Brian Bozworth, the self-admitted steroid laden Oklahoma Sooners linebacker spent much of his college career trying to gain attention. His Mohawk and constantly taking his helmet off to play to the cameras and his brash mouth made him one of the faces of college football. Of course, he was a high draft pick in the NFL and was a complete bust. Bozworth built an image that had little substance, other than steroids, behind it. I will never forget the game where Bo Jackson ran over "The Boz" on national television.

And perhaps the saddest story is the untimely cocaine induced death of Len Bias. Weinreb completely dispatches all the myths surround Bias's death. It was clear from who he hung out with and those who knew and talked about him that he was not a first time cocaine user, but appears to have at least been an occasional, recreational user of the drug.
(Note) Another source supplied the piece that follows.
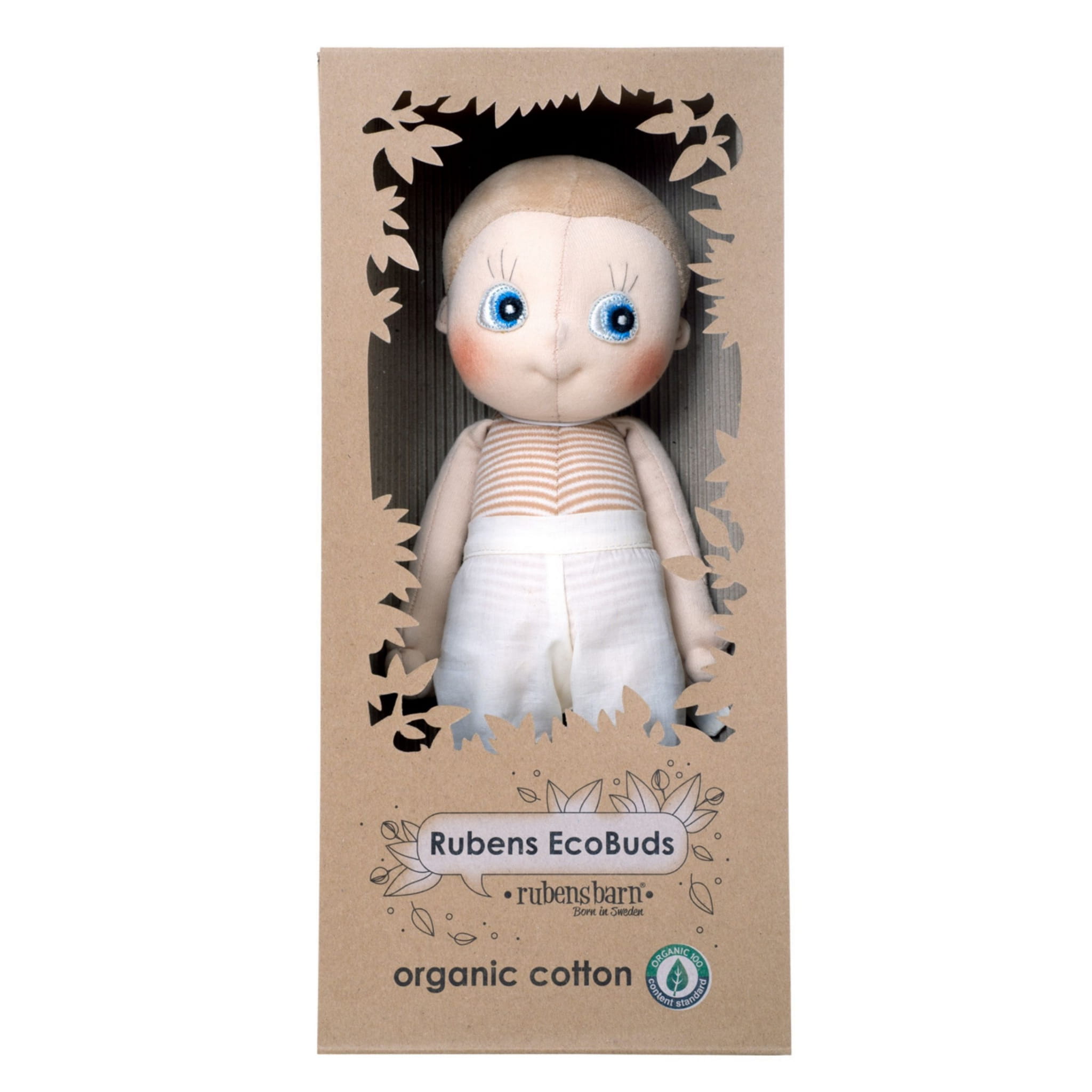 Ta miękka lalka ma 35 cm wzrostu, jasną skórę i blond włosy. Lalki Rubens Barn są projektowane w Szwecji, są wysokiej jakości i ręcznie wykonane, każda z radosnymi, unikalnymi postaciami. Lalki Rubens EcoBuds są wykonane z 100% organicznej bawełny certyfikowanej przez Organic Content Standard (OCS) i wypełnione 100% poliestrem z recyklingu zgodnie z Global Recycled Standard (GRS). Lalki Rubens Barn mają zabawne i przyjazne postacie lub opowieści, które pomagają dzieciom rozwijać kreatywność, odkrywać emocje oraz rozwijać empatię.

After being drafted by the Boston Celtics he went on a little cocaine binge that killed him. Len Bias may have been a great player, but a certain myth built up around his innocence, suggesting even naivety, that doesn't stand up to reality.

Bo Jackson is mostly a foil to all this. Jackson was a quiet, mostly unassuming personality who chose baseball over football but ultimately decided he wanted to play both, and did. His rise to fame from a poor, rural childhood was marked by a shyness and lack of desire for the spotlight. But he parlayed his fame into endorsement opportunities long after his untimely retirement from sports because of an unfortunate, freaky hip injury. The ability to be a relevant marketing personality long after his career was over could have only happened in burgeoning electronic era.

Despite the unfortunate choice of title, this book is very readable and bring backs memories for those whose formative years were the mid-1980s. While ultimately the theme of the book is darker one, for better or worse we live in the era that might not have started exactly in 1986, but certainly that year is as good as any to point to the beginning of the aggrandizement of the modern athlete. ( )
  DougBaker | Jul 24, 2019 |
These case histories are not quite so cut and dried as Weinreb believes them to be, but each, in its own way, points to the emphasis on "opportunism and self-reliance" rather than collective achievement that became pervasive during the 1980s, the echoes of which certainly are still felt today.